• **Task to carry out**: Once you have found the line with "Close up, impish" in the records below, retype it and every line after it to the end exactly, with no pictures and nothing more.

• **Saved data entries**:
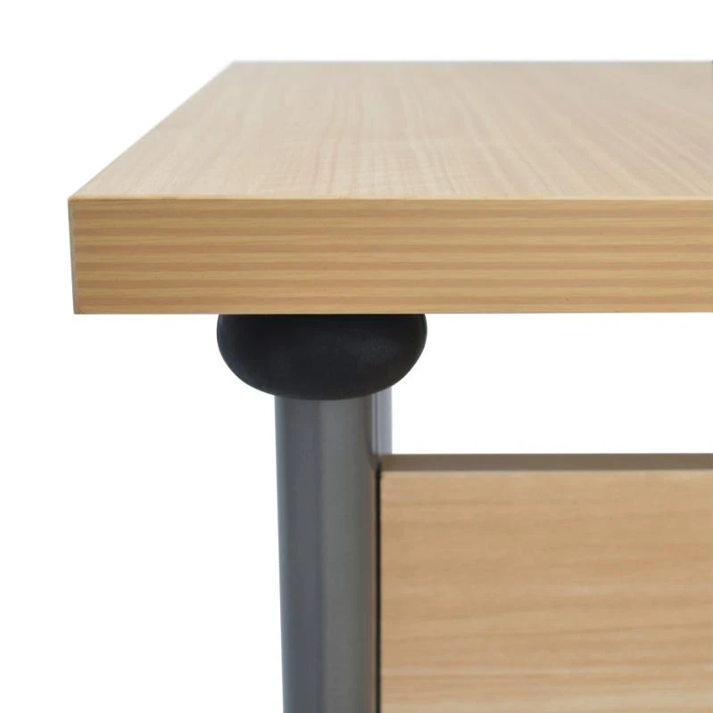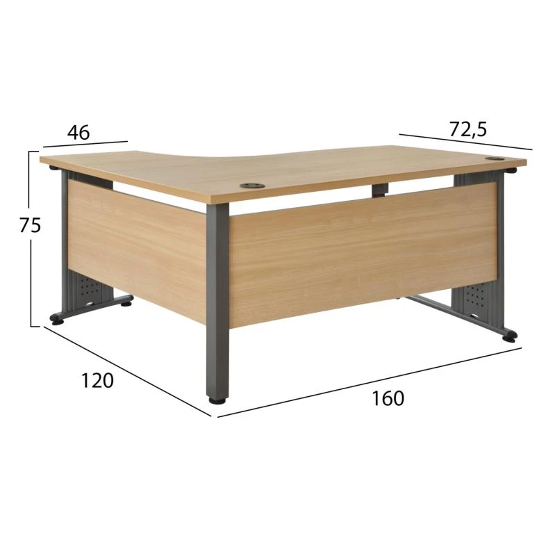 Με δύο εισόδους καλωδίων και πόδια μεταλλικά 3τμχ(στις 3 γωνίες του γραφείου) σε χρώμα γκρι.
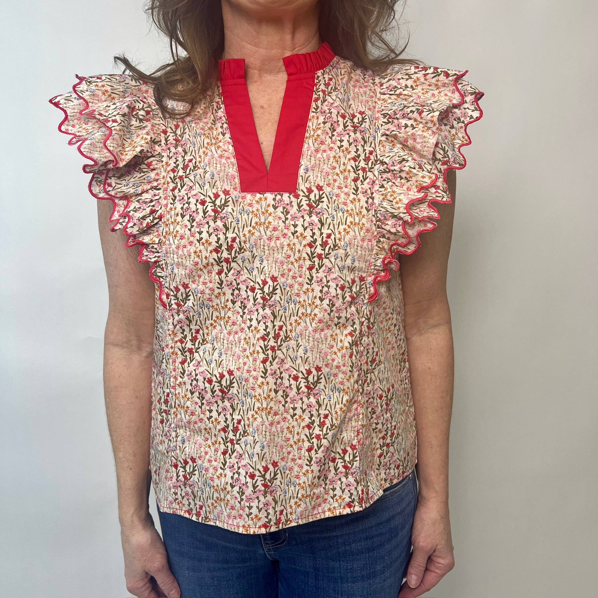 The Farah Blouse brings refined elegance to your everyday rotation with its delicate floral composition rendered in rich jewel tones—red, pink, blue, gold, and green—set against a cream base. The defining V-neckline in contrasting red pairs with scalloped ruffled short sleeves to create understated sophistication. Also offered in green.
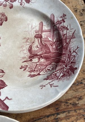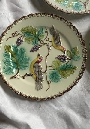 Série de trois assiettes en barbotine aux oiseaux – époque 1900
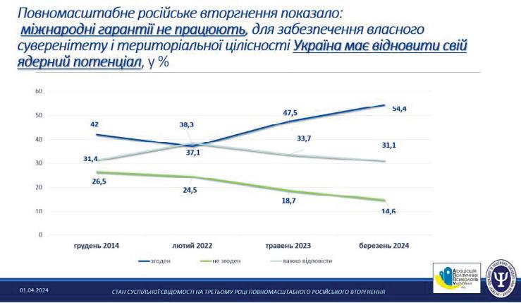вони можуть свідчити про поступовий вихід суспільства зі стану високої психологічної мобілізованості, в якому воно перебувало від початку повномасштабного вторгнення
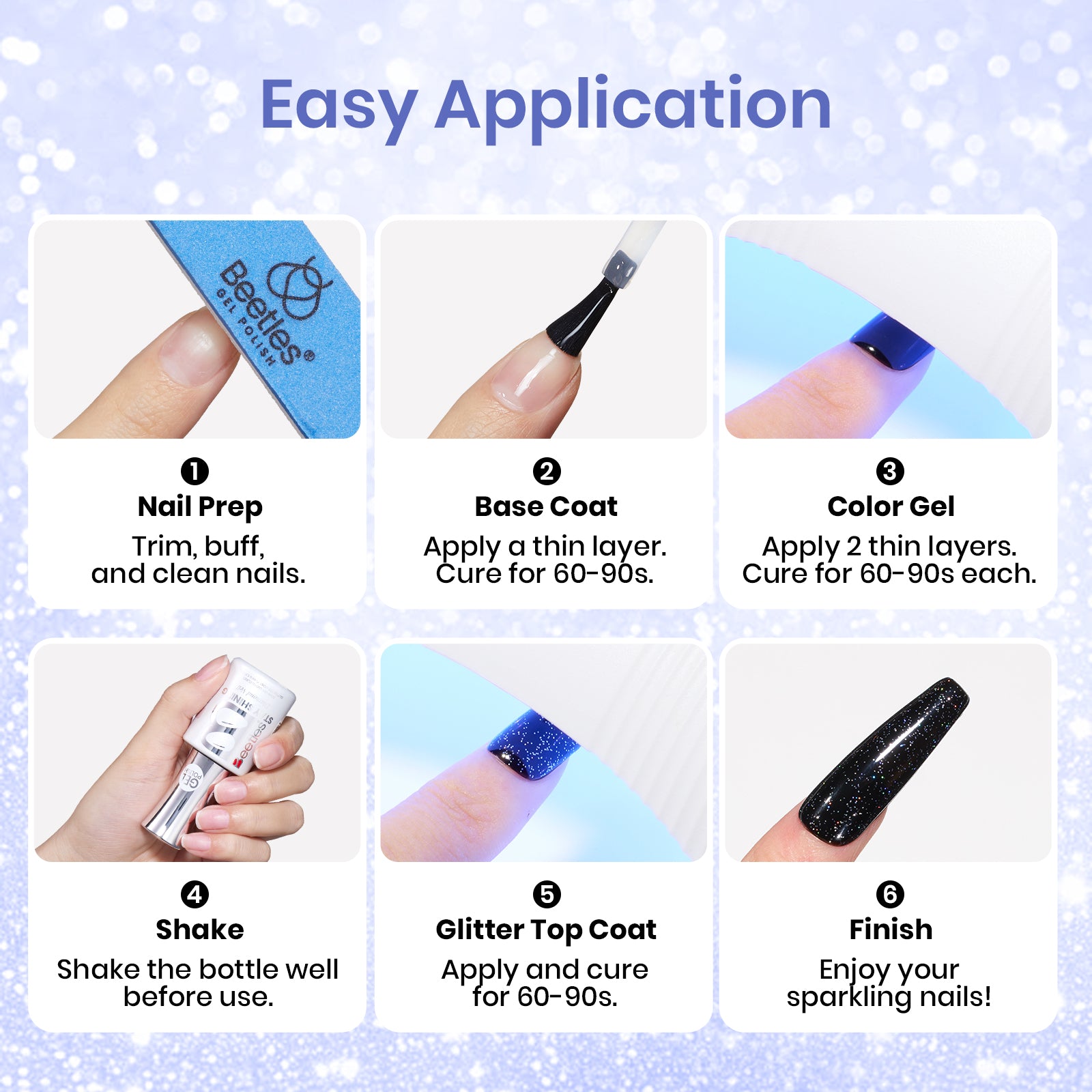 4. Finish with a top coat and cure for 60 seconds.Tips:*Please apply each coat in a thin layer.*The product is gel nail polish; it needs to be cured under a UV/LED lamp.
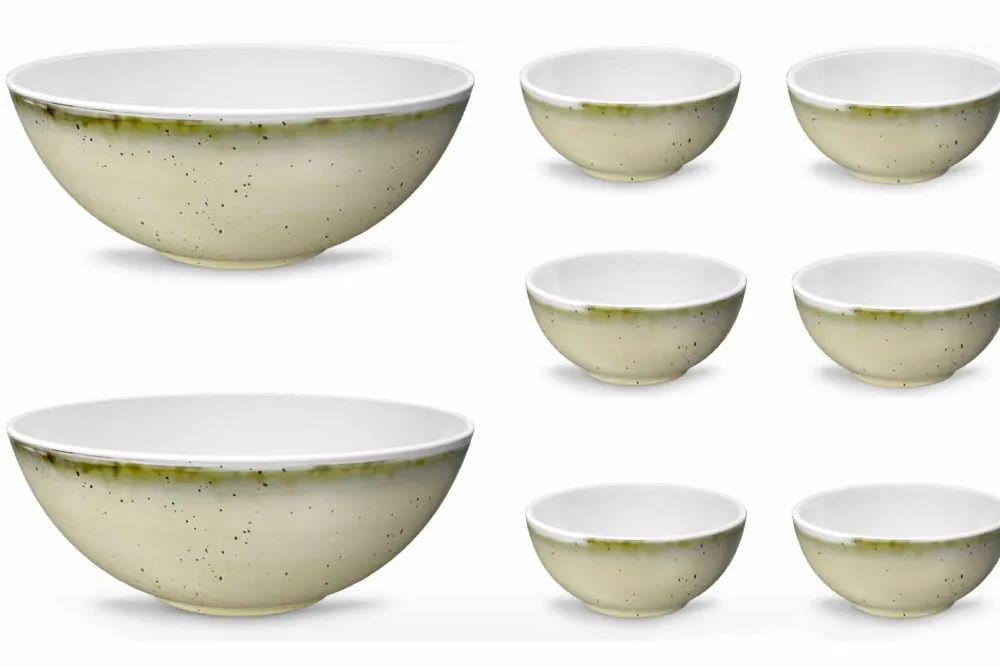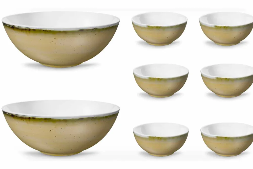 Das Design dieses Teller-Sets wird als einfach, elegant und raffiniert präsentiert, hergestellt aus Calcomania in verschiedenen Farben, für einen rustikalen und vielseitigen Stil.
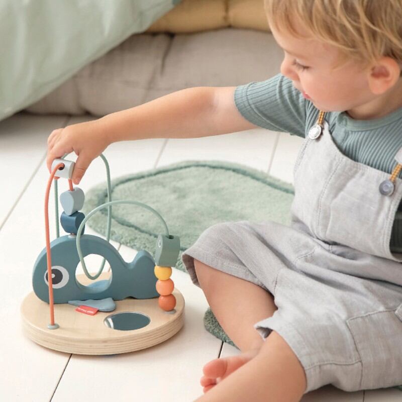 海を泳ぐウォーリーのまわりで小さなパーツを行き来させ、赤ちゃんの指先感覚を養いましょう。ウォーリーのお腹の穴を上手く通すことができるかな? ヒレからはどんな音がするかな? 鏡を覗くとそこには何が見えるかな?
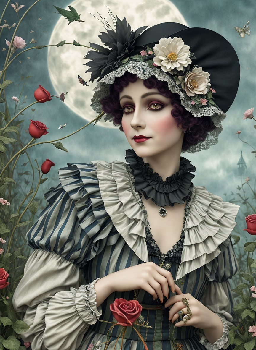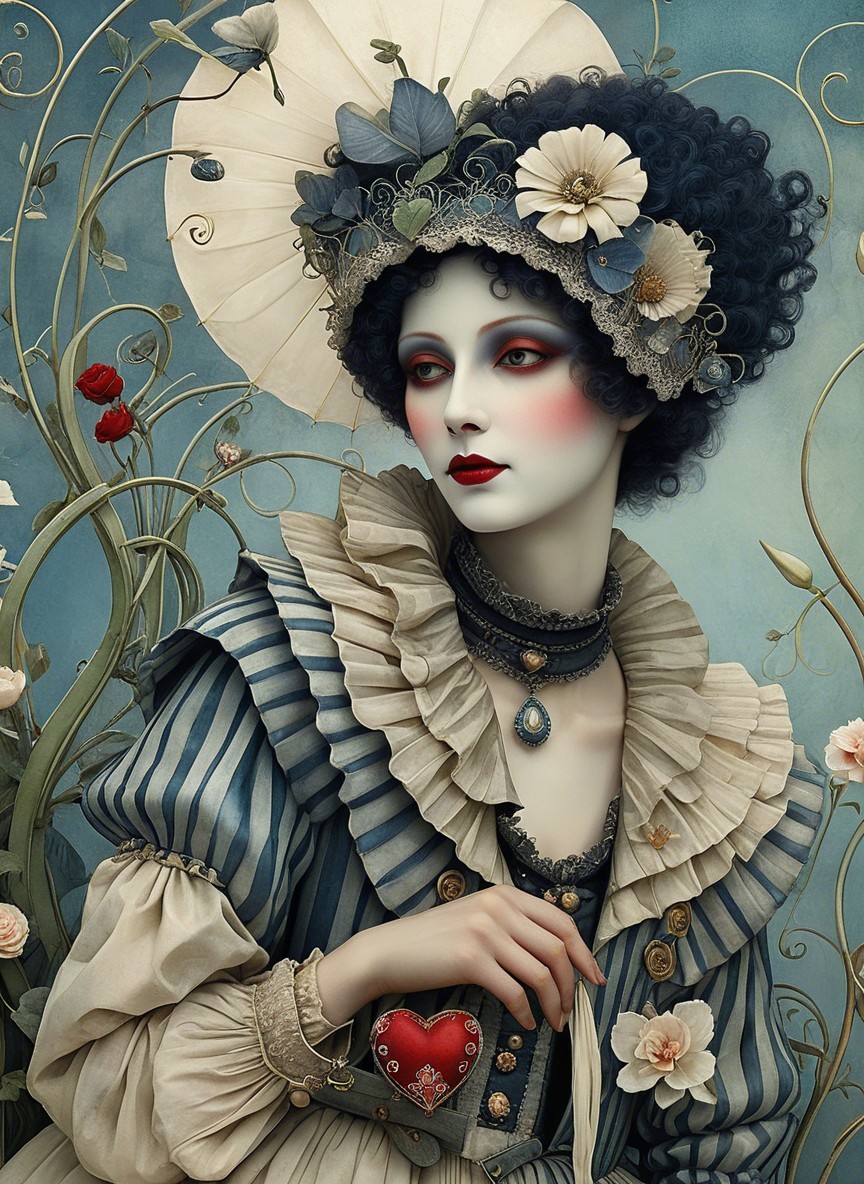 Close up, impish devious Pierrot creature in a valentine garden maze, in the style of Alexander Jansson. by Catrin Welz-Stein, Michael Parkes
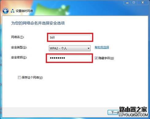 5. 輸入網絡名以及安全密鑰(推薦),并點擊下一步完;(此設置僅供參考)如圖1-6所示:

• **Response**:
 Close up, impish devious Pierrot creature in a valentine garden maze, in the style of Alexander Jansson. by Catrin Welz-Stein, Michael Parkes
 5. 輸入網絡名以及安全密鑰(推薦),并點擊下一步完;(此設置僅供參考)如圖1-6所示:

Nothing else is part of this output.